Q5 Form the pair of linear equations for the following problems and find their solution by substitution method. (iv) The taxi charges in a city consist of a fixed charge together with the charge for the distance covered. For a distance of 10 km, the charge paid is Rs 105 and for a journey of 15 km, the charge paid is Rs 155. What are the fixed charges and the charge per km? How much does a person have to pay for traveling a distance of 25 km?

Answer:

Let the fixed charge is x and the per km charge is y.
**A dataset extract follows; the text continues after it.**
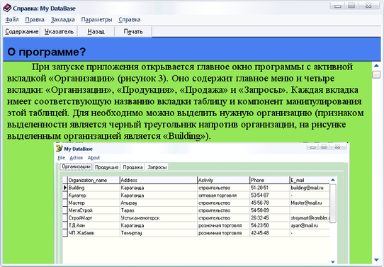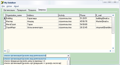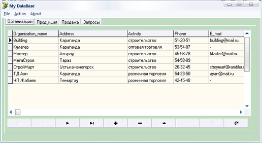 При запуске приложения открывается главное окно программы с активной вкладкой "Организации" (рисунок 3). Оно содержит главное меню и четыре вкладки: "Организации", "Продукция", "Продажа" и "Запросы". Каждая вкладка имеет соответствующую названию вкладки таблицу и компонент манипулирования этой таблицей. Для необходимо можно выделить нужную организацию (признаком выделенности является черный треугольник напротив организации, на рисунке выделенным организацией является "Building").

Now According to the question

$x+10y=105.......(1)$

And

$x+15y=155.......(2)$

Now, From (1) we have,

$x=105-10y........(3)$

Substituting this value of x in (2), we have

$105-10y+15y=155$

$\Rightarrow 5y=155-105$

$\Rightarrow 5y=50$

$\Rightarrow y=10$

Now, Substituting this value in (3)

$x=105-10y=105-10(10)=105-100=5$

Hence, the fixed charge is 5 Rs and the per km charge is 10 Rs.

Now, Fair For 25 km :

$\Rightarrow x+25y=5+25(10)=5+250=255$

Hence fair for 25km is 255 Rs.

Q6 Form the pair of linear equations for the following problems and find their solution by substitution method. (v) A fraction becomes $\frac{9}{11}$, if 2 is added to both the numerator and the denominator. If, 3 is added to both the numerator and the denominator it becomes $\frac{5}{6}$ . Find the fraction.

Answer:

Let the numerator of the fraction be x and denominator of the fraction is y

Now According to the question,

$\frac{x+2}{y+2}=\frac{9}{11}$

$\Rightarrow 11(x+2)=9(y+2)$

$\Rightarrow 11x+22=9y+18$

$\Rightarrow 11x-9y=-4...........(1)$

Also,

$\frac{x+3}{y+3}=\frac{5}{6}$

$\Rightarrow 6(x+3)=5(y+3)$

$\Rightarrow 6x+18=5y+15$

$\Rightarrow 6x-5y=-3...........(2)$

Now, From (1) we have

$y=\frac{11x+4}{9}.............(3)$

Substituting this value of y in (2)

$6x-5\left(\frac{11x+4}{9}\right)=-3$

$\Rightarrow 54x-55x-20=-27$

$\Rightarrow -x=20-27$

$\Rightarrow x=7$

Substituting this value of x in (3)

$y=\frac{11x+4}{9}=\frac{11(7)+4}{9}=\frac{81}{9}=9$

Hence the required fraction is

$\frac{x}{y}=\frac{7}{9}.$

Q7 Form the pair of linear equations for the following problems and find their solution by substitution method. (vi) Five years hence, the age of Jacob will be three times that of his son. Five years ago, Jacob’s age was seven times that of his son. What are their present ages?

Answer:

Let x be the age of Jacob and y be the age of Jacob's son,

Now, According to the question

$x+5=3(y+5)$

$\Rightarrow x+5=3y+15$

$\Rightarrow x-3y=10..........(1)$

Also,

$x-5=7(y-5)$

$\Rightarrow x-5=7y-35$

$\Rightarrow x-7y=-30.........(2)$

Now,

From (1) we have,

$x=10+3y...........(3)$

Substituting this value of x in (2)

$10+3y-7y=-30$

$\Rightarrow -4y=-30-10$

$\Rightarrow 4y=40$

$\Rightarrow y=10$

Substituting this value of y in (3),

$x=10+3y=10+3(10)=10+30=40$

Hence, Present age of Jacob is 40 years and the present age of Jacob's son is 10 years.